Exclude Specific Operations:

exclude_methods:
  - DELETE  # Allow all except delete

Combined Path and Method Filtering:

# Only allow GET operations on user endpoints
include_patterns:
  - "^/users"
include_methods:
  - GET

Deprecated Endpoints:

# By default, deprecated endpoints are excluded
# To include them, add:
include_deprecated: true

Tool Naming Strategy:

# Default: use operationId from OpenAPI spec as-is
tool_naming: "default"  # Tools named like "getUserById", "createUser"

# Auto: generate clean names with smart clash detection
tool_naming: "auto"  # Tools named like "get_users", "post_users"
                     # Automatically handles version clashes: "v1_get_users", "v2_get_users"

Schema Validation:

The disable_schema_validation flag provides a workaround for limitations in FastMCP's schema resolution.

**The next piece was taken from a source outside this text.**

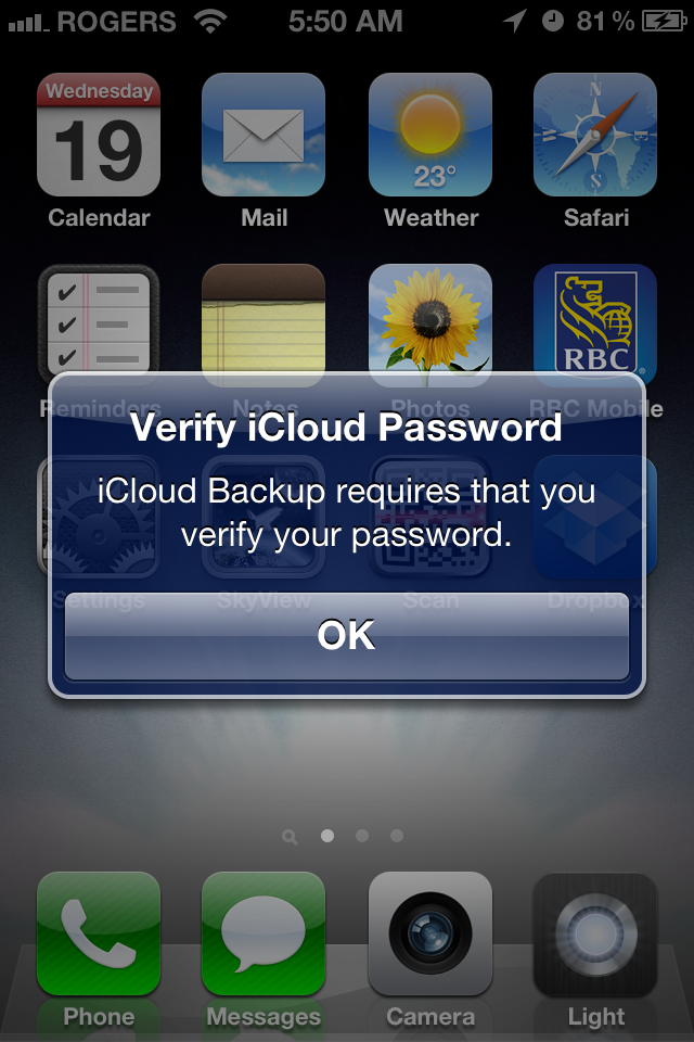 My iPhone 4 repeatedly pops open a notification to verify my password for iCloud backup. It reads something like "iCloud backup requires that you verify your password". It happens once or twice a day, usually first thing in the morning (after it has been charging overnight). Is this a bug, or have I missed something in my settings?

This allows API tools to function even when the OpenAPI spec has references that FastMCP cannot properly resolve.

# Default: enable schema validation for API responses
disable_schema_validation: false

# Disable validation when you encounter schema errors
disable_schema_validation: true

When to use disable_schema_validation: true:

  • You get "PointerToNowhere" or similar schema resolution errors
  • The API works fine but FastMCP fails to resolve the OpenAPI schema references
  • Common issues that trigger FastMCP limitations:
    • Broken schema references (e.g., #/components/schemas/ vs #/$defs/ mismatches)
    • Complex cross-version references (e.g., v1 schemas referenced in v2 endpoints)
    • Long namespaced schema names that cause resolution issues
    • External references that can't be resolved

How it works: When enabled, this flag disables JSON schema validation for API responses while keeping the API call functionality intact. This is a pragmatic workaround that prioritizes functionality over strict validation until FastMCP's schema resolution improves.

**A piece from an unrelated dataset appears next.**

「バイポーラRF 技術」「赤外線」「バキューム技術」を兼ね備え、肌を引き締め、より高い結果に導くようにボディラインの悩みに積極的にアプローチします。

Note: This is a workaround for current limitations in FastMCP's OpenAPI schema resolver, not an issue with the OpenAPI specifications themselves.

Environment Variables

Keep sensitive credentials out of your config files:

server:
  name: "secure-api"

openapi:
  spec_url: "https://api.example.com/openapi.json"

authentication:
  type: "bearer"
  token: "${API_TOKEN}"  # Will read from environment variable

Set the environment variable:

export API_TOKEN="your-secret-token"

Real-World Examples

GitHub API Example

server:
  name: "github-api"

openapi:
  spec_url: "https://raw.githubusercontent.com/github/rest-api-description/main/descriptions/api.github.com/api.github.com.json"

authentication:
  type: "bearer"
  token: "${GITHUB_TOKEN}"

# Only expose user and repository operations
include_patterns:
  - "^/user"
  - "^/repos"

# Exclude admin operations
exclude_patterns:
  - "^/admin"

Stripe API Example

server:
  name: "stripe-api"

openapi:
  spec_url: "https://raw.githubusercontent.com/stripe/openapi/master/openapi/spec3.json"

authentication:
  type: "bearer"
  token: "${STRIPE_SECRET_KEY}"

# Only expose safe read operations
include_patterns:
  - "^/v1/customers"
  - "^/v1/products"
  - "^/v1/prices"

# Only allow read operations for safety
include_methods:
  - GET

License

This project is licensed under the MIT License - see the LICENSE file for details.